Blaine had other ideas. He clicked on his desk lamp. Molly wandered off to inspect the room, keeping one eye on her human, tail flicking contentedly. "How did you get her? My parents are going to know she's gone, and they'll call the school to check here. You'll get into trouble."
Wes sighed. "No. I won't."
Blaine frowned, "Coop..?"
Wes seemed to deliberate for a moment, before moving back towards Blaine, hands in his pockets. "No. Well, yes, I started with him, but no. Molly hasn't been living at your house for nearly two weeks now. It's why Edwards and Rosen searched our rooms the other week. That wasn't a random search. According to your brother, your parents have been trying to work out how to tell you she's missing for a while now, but the doctors are worried how badly that would destabilise you, so they've told them to hold off. At least until it's decided if you're staying here past your month trial."
Blaine frowned, "Coop would have told me if something had happened to Molly. He promised."
"He knew nothing had happened to her." Wes said softly, his emotions carefully placed, like the resonating vibrations of a cello string.
"Well then what...?"
"She's been living with Kurt."
Every muscle in Blaine's body froze. Oddly, the first thing that somehow made it out of Blaine's mouth was, "But I've never even told you about Kurt!"

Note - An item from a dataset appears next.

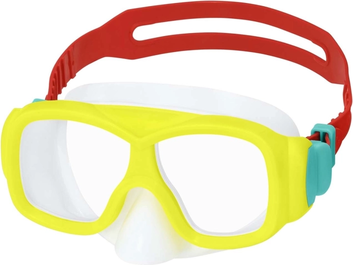 Questa maschera da sub Bestway giallo‑rossa è progettata per giovani nuotatori e piccoli avventurieri. Le lenti in policarbonato con rivestimento UV offrono resistenza agli urti e una visione chiara, mentre la gonna morbida si adatta comodamente alla forma del viso e aiuta a prevenire le infiltrazioni d’acqua.
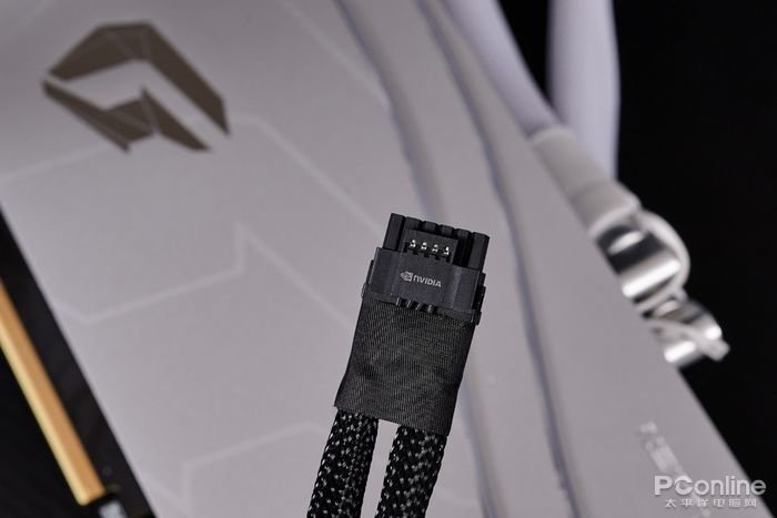 供电接口被安排在显卡顶部最靠右的位置,目的是装机时尽量不让电源线挡住这款显卡的颜值,接口用的是全新的12VHPWR供电接口,通过一根12VHPWR的电源线就可达到供电需求,单口600W的供电能力,用来应付RTX 4070 Ti可以说是大材小用了。

"No, you haven't." Wes agreed. "But if you'd like to, I'd be happy to listen."
"You've met him."
It wasn't a question, but Wesley answered it anyway, "Yes, I have."
Blaine swallowed, angrily swiping at the tears that threatened to spill from his eyes, "How... how is he?"
"Honestly?" Blaine nodded. "Well, we only talked for a little, but frankly I'd say he's doing about as well as you are."
"What's that supposed to mean?" Blaine choked.
A diminuendo of exasperation to comfort, "It means I think you shouldn't be giving up on yourself. Or him."
"W-wh-" Blaine cleared his throat, frustrated by how weak his voice sounded. "What if he already has?"
Wes smiled fondly at his friend, "Now that I don't believe for one moment."